**Exercise**
Begin at the top of the records below and print each line exactly until the line containing "כתמי צבע: עיטורים" has been printed; any pictures are to be left out.

Items from a data source
* * * * * * * * *

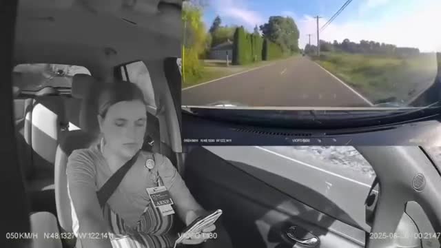Dashcam footage captured on a winding rural road shows the woman typing on her device with both hands while taking her eyes off the road in Madrid, Spain, on August 26. 2025-10-10 16:30:51
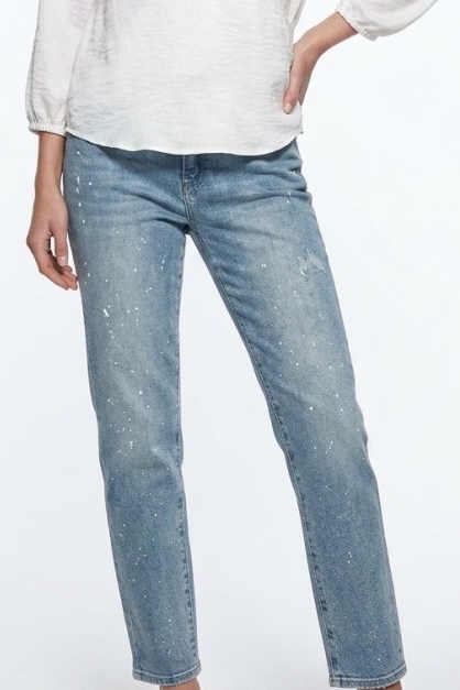 כתמי צבע: עיטורים של כתמי צבע לבנים קטנים הפזורים לכל אורך המכנסיים.
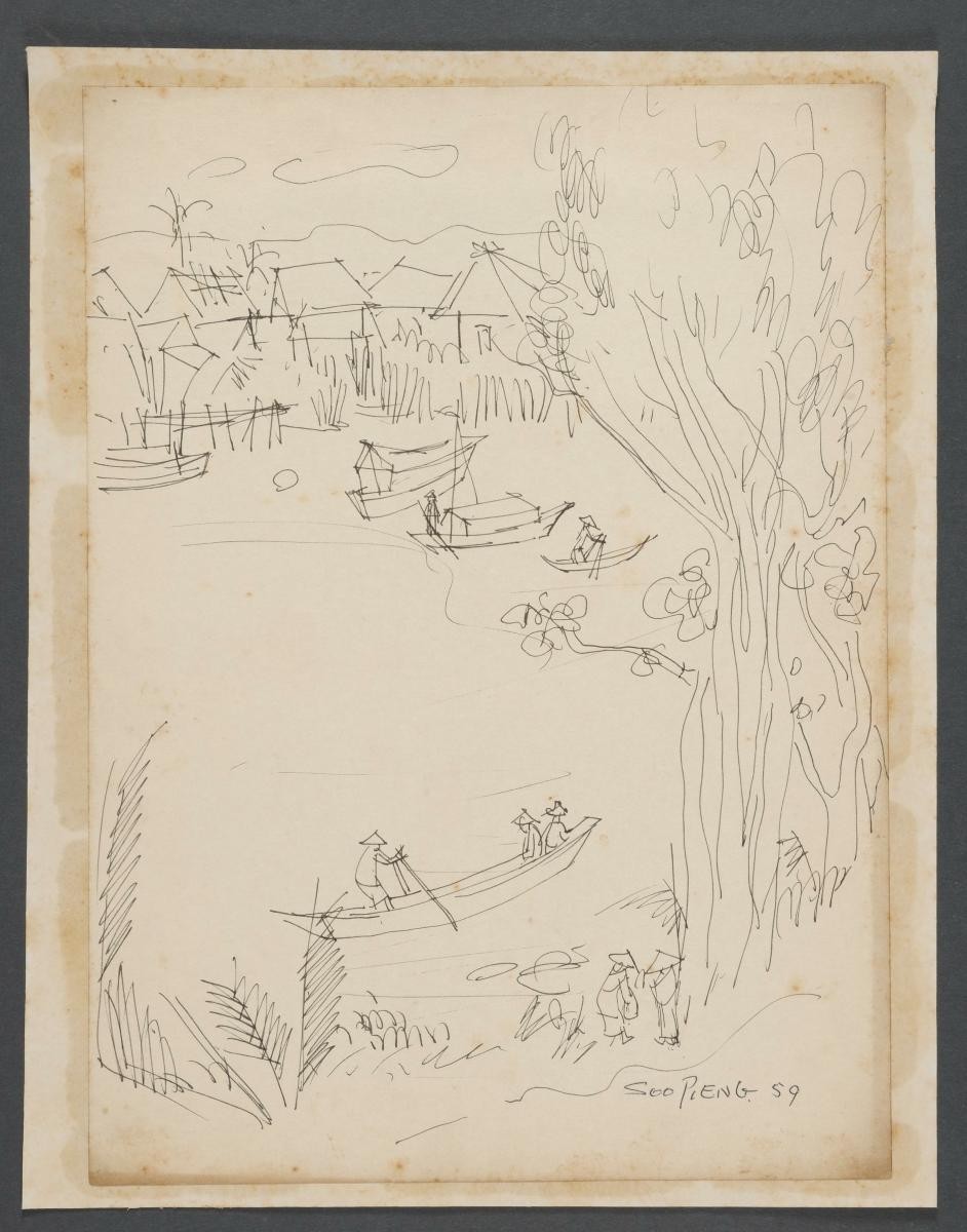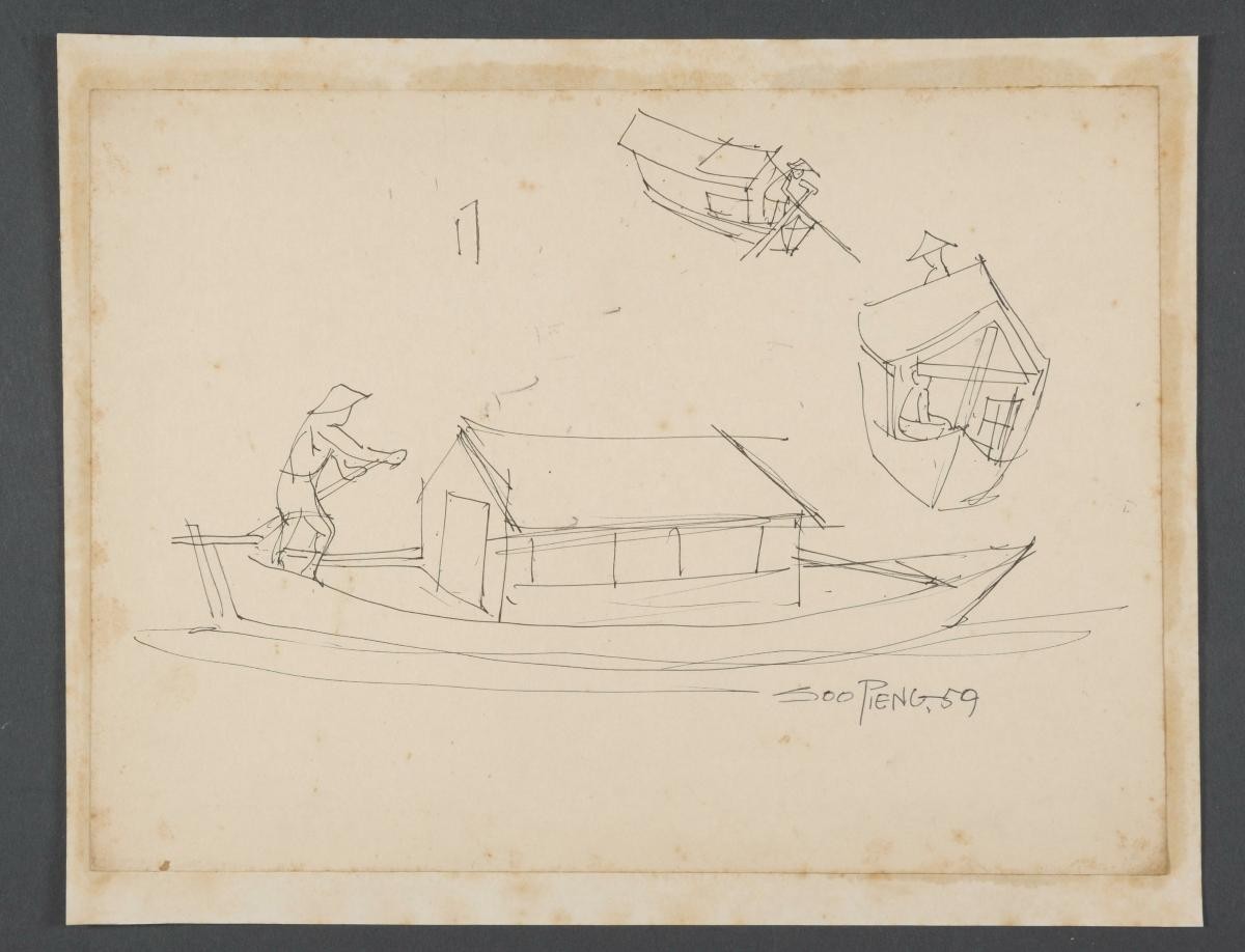 Cheong Soo Pieng, born in Xiamen (Amoy), China in 1914, was accomplished in ink painting having received training in art at Xiamen Academy of Art and Xinhua Academy of Fine Arts in Shanghai. A year after his arrival in Singapore in 1946, he started lecturing at Nanyang Academy of Fine Arts and stayed on till 1961. However it was a trip taken with fellow artists Chen Chong Swee, Chen Wen Hsi and Liu Kang in 1952 to Bali to seek inspiration and seek fresh subject matter that sealed his standing as a pivotal figure in Singapore’s modern art development. He was part of a group of artists that attempted to articulate a style identifiable and pertinent to post-war Singapore, then known collectively with Malaysia, as Malaya. This style, later crystallized as the Nanyang style, provided a foundation upon which future generations of artists learned and expanded on. A key element of the Nanyang style is the synthesis of Chinese pictorial elements and the diverse formalistic qualities from the School of Paris. In 1962, the Singapore government awarded Cheong with the Meritorious Service Medal. He passed away in 1983.‘Untitled (Boatman Working on Sampans)’ is one of countless sketches Cheong produced which reflect the ‘localness of the place’, a theme that resonates throughout his art. Collectively these sketches provide useful entry points to understand the sources of his iconography.
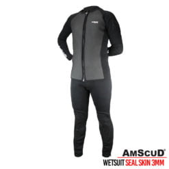This top uses Chill-Proof material to keep your torso and rear kidney area protected. It also uses a breathable compression fabric in the shoulders and arms to aid in endurance and muscle recovery. The compression fabric is SPF50+, so provides protection for your arms and shoulders from the sun. This top is designed for intense water sports where hard work is the priority and results are the focus. AmScuD Seal Skin’s Performance range has been created with the help of competition athletes. The designs use Chill-Proof material for full protection from the elements, flexible compression material to allow for maximum maneuverability during intense sports and neoprene for stretch and comfort.
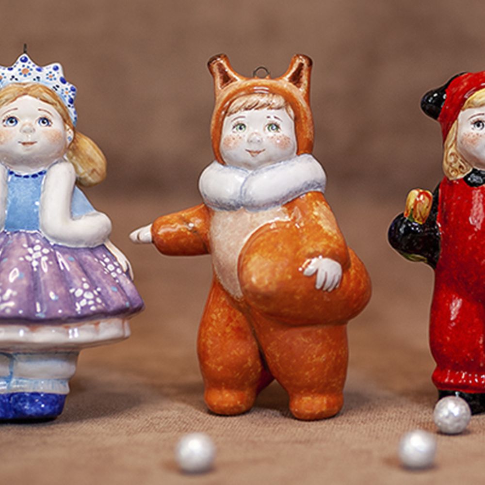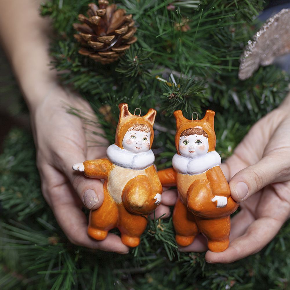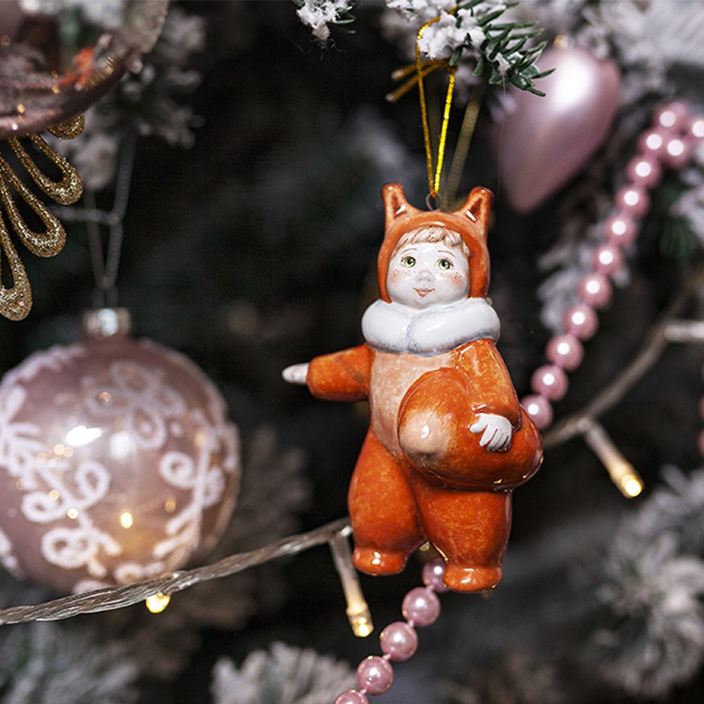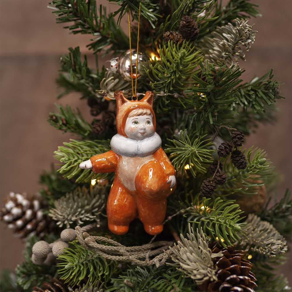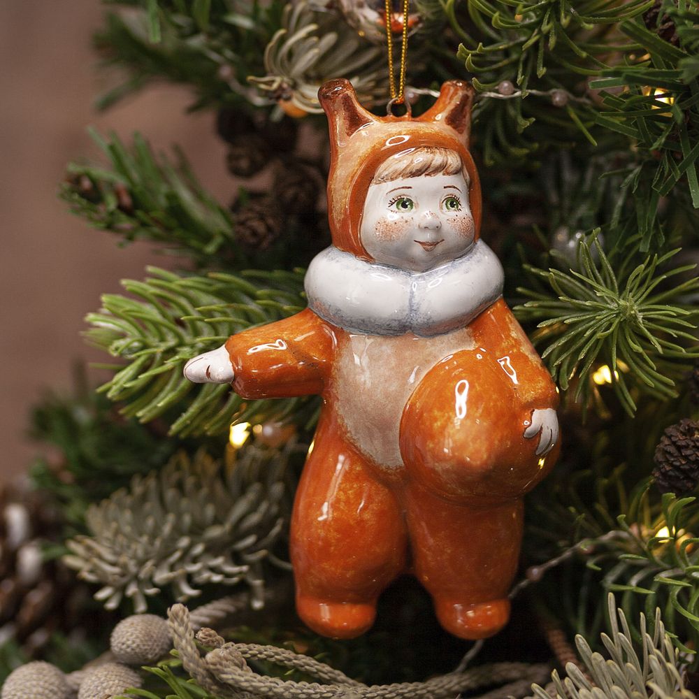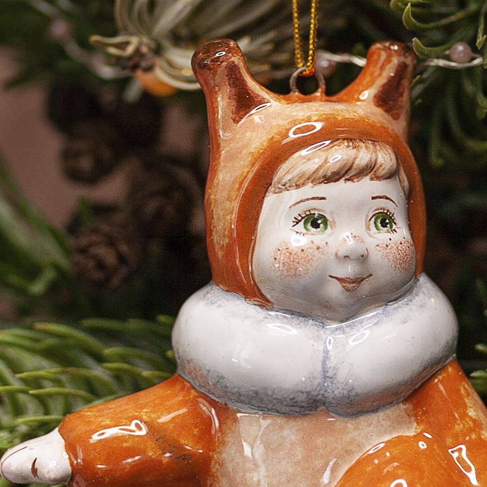 Изделие входит в коллекцию Ёлка и представляет фигурку малыша в костюме белочки. Мы видим активного, энергичного ребенка. Зеленые глаза, веснушки на щеках и носу, яркий рыжий костюмчик с белым пушистым воротничком притягивают взгляд. Это милое изделие будет прекрасным украшением новогодней елочки, идеальным подарком на рождение ребенка, украсит интерьер детской, порадует коллекционеров.

* * * * * * * * *

**Exercise solution**
Dashcam footage captured on a winding rural road shows the woman typing on her device with both hands while taking her eyes off the road in Madrid, Spain, on August 26. 2025-10-10 16:30:51
 כתמי צבע: עיטורים של כתמי צבע לבנים קטנים הפזורים לכל אורך המכנסיים.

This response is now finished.